In certain embodiments, the solvent that described nucleophilic substitution reaction uses is polar solvent or non-polar solvent, is selected from one or more in dimethyl formamide (DMF), N,N-DIMETHYLACETAMIDE, ether solvents, ketones solvent, esters solvent, alkane solvents, aromatic hydrocarbon solvent, nitrile solvents.Wherein, described alcoholic solvent is selected from methyl alcohol, ethanol or 1, ammediol, 1, 2-propylene glycol, one or more in trichloro-butyl alcohol, described ether solvents is selected from such as tetrahydrofuran (THF), methyl tertiary butyl ether, 1, one or more in 4-dioxane, described ketones solvent is selected from such as acetone, butanone or methylethylketone, one or more in 4-methyl-2 pentanone, described esters solvent is selected from such as ethyl acetate, isopropyl acetate, n-butyl acetate, one or more in tert.-butyl acetate, described alkane solvents is selected from such as methylene dichloride, chloroform, normal hexane, hexanaphthene, pentane, one or more in normal heptane, described aromatic hydrocarbon solvent is selected from such as benzene, toluene etc., described nitrile solvents is selected from one or more in such as acetonitrile, propane dinitrile.In one embodiment, the solvent that described nucleophilic substitution reaction uses is methylene dichloride.

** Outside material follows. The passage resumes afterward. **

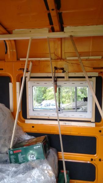 Nach die APK (TÜV) ohne Bemerkungen, dann weiter mit die Schritte um das Dach fertig zu machen. Erstmals Holz 44x44 gekauft und auf Maß gemacht. Um nicht zuviel Innenraum zu verlieren, sind die Verstärkungen für die Wandverkleidung und Möbel in in die versenkten Raumen verklebt mit Polymer-Leim ähnlich zu Sikaflex oder Bison.
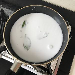 4.调椰浆。在椰浆里加入细砂糖、盐、玉米淀粉,搅拌均匀。倒入锅内,加入薄荷叶。烧至初沸起泡。这样做出来的椰浆里会有薄荷的香气,我是超级爱薄荷,所以才加了薄荷,不喜欢的也可以不加!(最初开始做的时候,我没有加玉米淀粉,椰浆会相对稀一些,后来参考了美女厨友:Moli-茉莉 的泰式芒果糯米饭做法,加入加玉米淀粉调椰浆,果然椰浆变得稠一些👍)

In certain embodiments, described nucleophilic substitution reaction can carry out to inert solvent reflux temperature for-30 DEG C.In certain embodiments temperature of reaction be-10 DEG C to inert solvent reflux temperature.Temperature of reaction is room temperature in certain embodiments.
In certain embodiments, shown in formula (4), the amount of compound can be equivalent or excessive relative to compound formula (3) Suo Shi, is 1 to 3 equivalents in certain embodiments.Be 1.1 to 2 equivalents in certain embodiments.
In certain embodiments, the amount of described nucleophilic substitution reaction alkali used can be equivalent (mole) or excessive (mole) relative to compound formula (3) Suo Shi, is 1 to 5 equivalents in certain embodiments.Be 1.2 to 3.0 molar equivalents in certain embodiments.Be 1.5 equivalents in further embodiments.
In one embodiment, the preparation method of compound shown in formula (1a), it comprises:
Step 1) by formula (2a) and the condensing agent generation condensation reaction that can provide a carbonyl,
Step 2) step 1) in formula (2a) shown in compound shown in formula (3) and formula (4) compound carry out nucleophilic substitution reaction and prepare,
Wherein, X is Cl, Br or I.
In certain embodiments, step 1) described in condensing agent be 1,1'-carbonyl dimidazoles (CDI), two (trichloromethyl) carbonic ether or superpalite.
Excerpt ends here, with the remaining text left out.